How do you raise an artist?

You never know when memories of life will take on new meaning and perhaps shift into deeper understanding of yourself – or someone else. I have just finished reading Sunrise Sister’s recent post about an obscure artist – Orren Mixer. It is a story about art and her mother – who happens to also be my mother.

Art and my mother. Somehow the two pieces do not seem to fit, yet after reading SS’s post, I am filled with an overwhelming sadness and grief. Perhaps it is in the lack of understanding I have for my mother (who died in May, 2004) or possibly I understand in this moment more than I ever have before. I seem to feel the deeper sadness of my mother and renewed compassion. She never showed her sadness through tears. It was disguised in her perfect appearance, her critical nature and her adamant statements about good & bad, right and wrong. Was she covering a broken heart? Vanquished dreams? I have often wondered who stamped the joy out of her. Her mother? Her mother’s mother? Her children?

As I think of those women, I see scraps of fabric. Pieces of quilts and remnants of cloth cut from McCall’s patterns. I have a flash of thought. Did I pick up my love of art from these women - women who never spoke the word art with anything but scorn? For years I knew I wanted to quilt – needed to quilt even. Sunbonnet Sue –the little girl with the hidden face - called to me. Could I relate to her? I have never made my own Sunbonnet Sue, but when I began to quilt I found something that had been missing deep inside. I was passionate about it and spent hours on end precisely cutting squares and piecing them together. I love the feel of the fabric between my fingers and arranging colors like the rainbow. No one taught me how to do that. It came from an instinctive place inside.

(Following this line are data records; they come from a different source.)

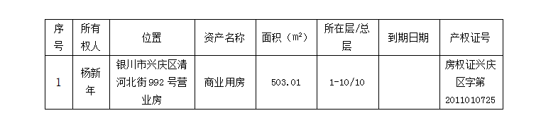 抵債資產(chǎn)為抵押人楊新年名下位于銀川市興慶區(qū)清和北街992號的營業(yè)房,面積503.01㎡,抵押物目前處于空置狀態(tài)。
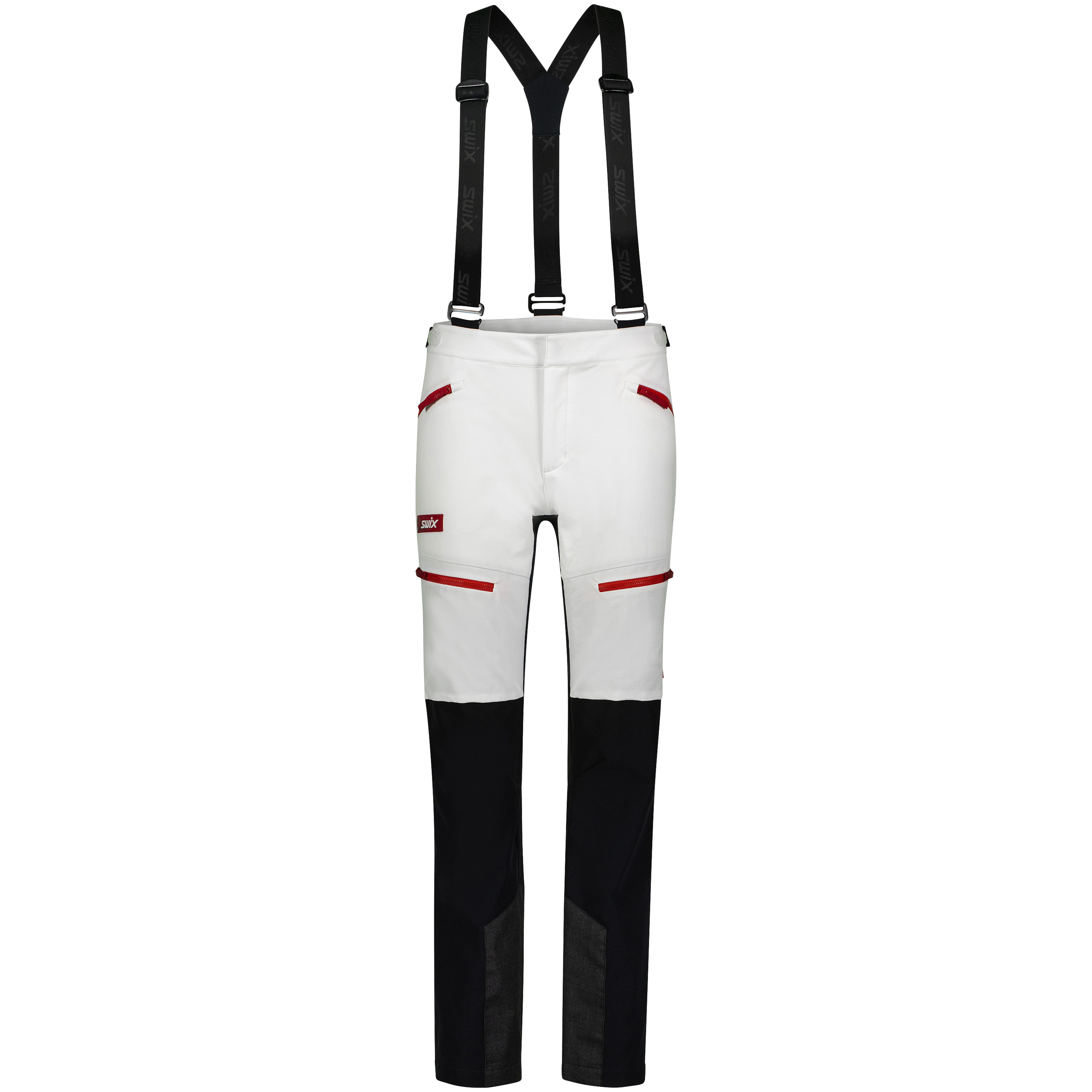 Surmount Soft Shell Pants are breathable stretch pants for high-intensity training on cold days. The outer fabric is wind- and water-resistant, and the inside is brushed to keep you warm. The pants have a zipper fly and detachable suspenders. The waist can also be adjusted with Velcro on each side. The knees are stitched for a flexible fit, and there is reinforcement fabric on the inseam at the bottom of the leg. The leg opening can be adjusted with snap buttons.
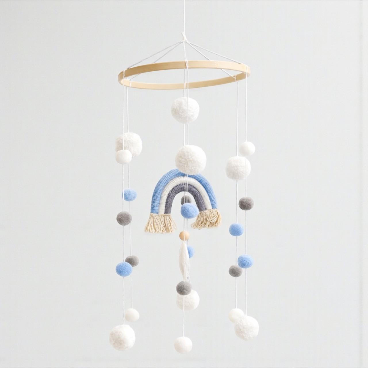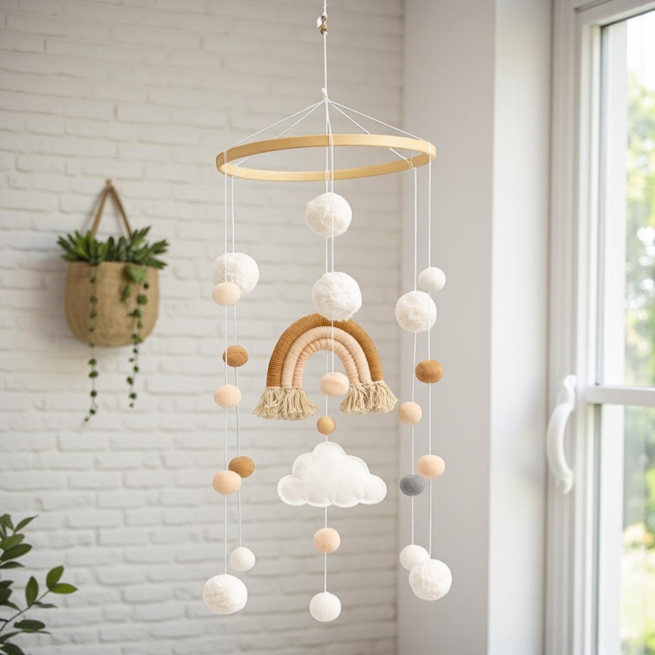 Rainbow Cot Mobile with macramé detailing brings handcrafted elegance to your nursery. Each piece features natural fiber construction with carefully suspended elements designed to captivate and soothe your infant. The gentle movement encourages visual development while the soft, neutral tones complement any room aesthetic. Lightweight and securely mounted, this mobile combines traditional craftsmanship with modern safety standards. Perfect for creating a calming sleep environment that grows with your child.
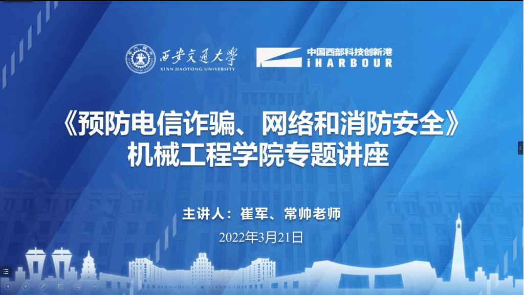 36365线路检测中心于3月21日晚上组织开展《预防电信诈骗、提升网络和消防安全意识》线上专题讲座,特邀请了西安交通大学保卫处崔军、常帅两位老师来分享如何预防电信诈骗以及消防安全的有关知识,并解答同学们提出的相关问题。36365线路检测中心苏宇老师列席讲座,近五百名同学线上参加讲座学习。

Ah, but my mother taught me how to sew. One of my favorite places at my grandmother’s house was underneath her old pedal sewing machine. I felt safe there. I have fond memories of Mother sewing for me. Lovingly piecing together multiple patterns to create the dress of our vision. Was this her craft? Her art? Did she come alive when she created? (I am sorry to say I don't recall that joy about her.) If she was joyful, why did she stop? Why the staunch refusal to support any career for her children that was not practical? Rumor had it, our mother wanted to be an English teacher, but she married the day she graduated high school and began a family shortly thereafter. I considered a degree in Fashion Merchandising, but ultimately graduated in accounting, pushing aside a dulled vision of anything more creative.

I have been told I have a strong sense of style. I don’t know from where it came. No one taught me. I have a good eye with a camera. No one taught or encouraged that either. I am a decent writer even though the art was nearly pounded out of me with demands for perfect sentence structure and footnotes to reference “real” writer’s work. So, I wonder who pounded the art out of my mother. Because as I read my sister’s post, I know it was there. I’m not even sure my mother knew it was there. 'Fabric Arts' was not in vogue in her lifetime. It was simply sewing – something often done out of necessity. Does necessity take the fun or beauty out of our craft(s)? If my writing becomes work will I love it less?

The stakes are low as I post a few words here on a blog; and they are very high, because writing brings me joy. My soul is at stake here. My life breath depends on doing what I am called to do. So what was my mother called to do? Perhaps it was to raise three brilliant children. I wonder though if a little piece of her didn’t die somewhere along the way. Was there a spark inside her that needed air and instead got suffocated? We weren’t raised to appreciate art, but there are traces of it all throughout our lives. Tiny little seeds planted somewhere along the way, sprouting now in the children she inadvertently raised to be artists. Along with those seeds comes my hope for growing compassion and understanding of a woman who was an artist in her very own way.

You never know when a memory of your life will take on new meaning.